METHODSUniversity HealthSystem Consortium (UHC) Clinical Database

UHC is an alliance of approximately 90% of nonprofit US AMCs and includes 160 centers and 260 of their affiliated hospitals, for which it amasses billing and demographic data. The UHC databases, which are used for projects to enhance quality, cost-effectiveness, and safety at member AMCs, includes nearly all ICD-9-CM codes assigned to each hospital discharge. An MRSA hospital discharge (MRSA HD) was defined as an inpatient discharge recorded in the UHC database bearing ICD-9-CM diagnosis code V09.0. Before October 2008, V09.0 was the sole ICD-9-CM code available to indicate an MRSA-related hospitalization. For each MRSA HD in a federal fiscal year (FFY) from 2003 to 2008 (ie, October 2002 to September 30, 2008), we determined patient age, date of admission, date of discharge, other discharge diagnoses, medical center, type of inpatient care unit, and the position of the V09.0 code in the list of reported ICD-9-CM codes (ie, whether it was listed second, third, and so on in the sequence of codes).

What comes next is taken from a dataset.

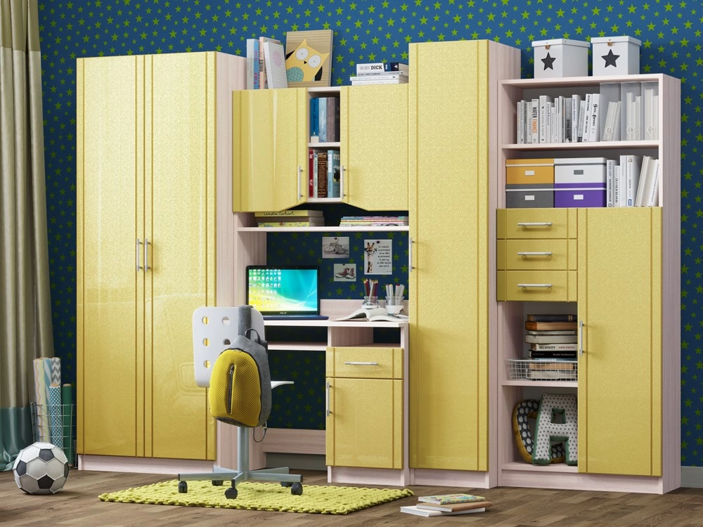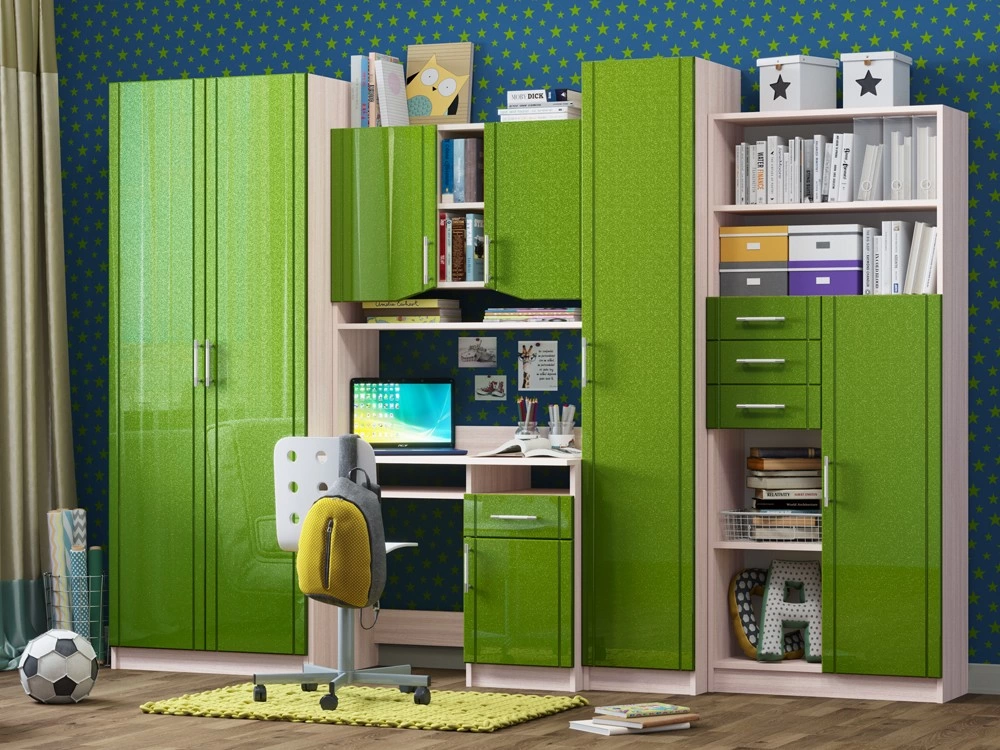 Детская Юниор МДФ – практичный и экономный вариант. Подойдет, как и для подростка, так и для маленьких хозяев комнаты. Вместительные отделения шкафа и большое количество ящиков помогут поддерживать порядок в комнате. Внутри шкаф оснащен штангой для плечиков и огромным количеством полок, что позволит поместить большое количество одежды.

University of Chicago Medical Center MRSA Surveillance Project

The University of Chicago Medical Center is a tertiary care medical center in Chicago, Illinois, that has 577 inpatient beds and 26,200 annual admissions. In the University of Chicago Medical Center MRSA Surveillance Project, we collected microbiologic, molecular, and clinical data on 312 consecutive hospitalized patients with MRSA infections from July 2004 through June 2005.5 Patients were excluded from consideration if they had only asymptomatic MRSA colonization. For each patient, we determined the age, gender, race, and encounter date. We also recorded any previous known MRSA infection or colonization. We recorded the antibiotic susceptibilities of each MRSA isolate. We performed genotyping assays on each isolate, including staphylococcal chromosomal cassette mec typing.5 For 2004–2005 data, we classified each patient with an MRSA infection as having a CA-MRSA infection by 3 separate criteria: the genotypic criterion for CA-MRSA infection, the Centers for Disease Control and Prevention (CDC) CA-MRSA case definition, and the 48-hour criterion for CA-MRSA infection (Table 1).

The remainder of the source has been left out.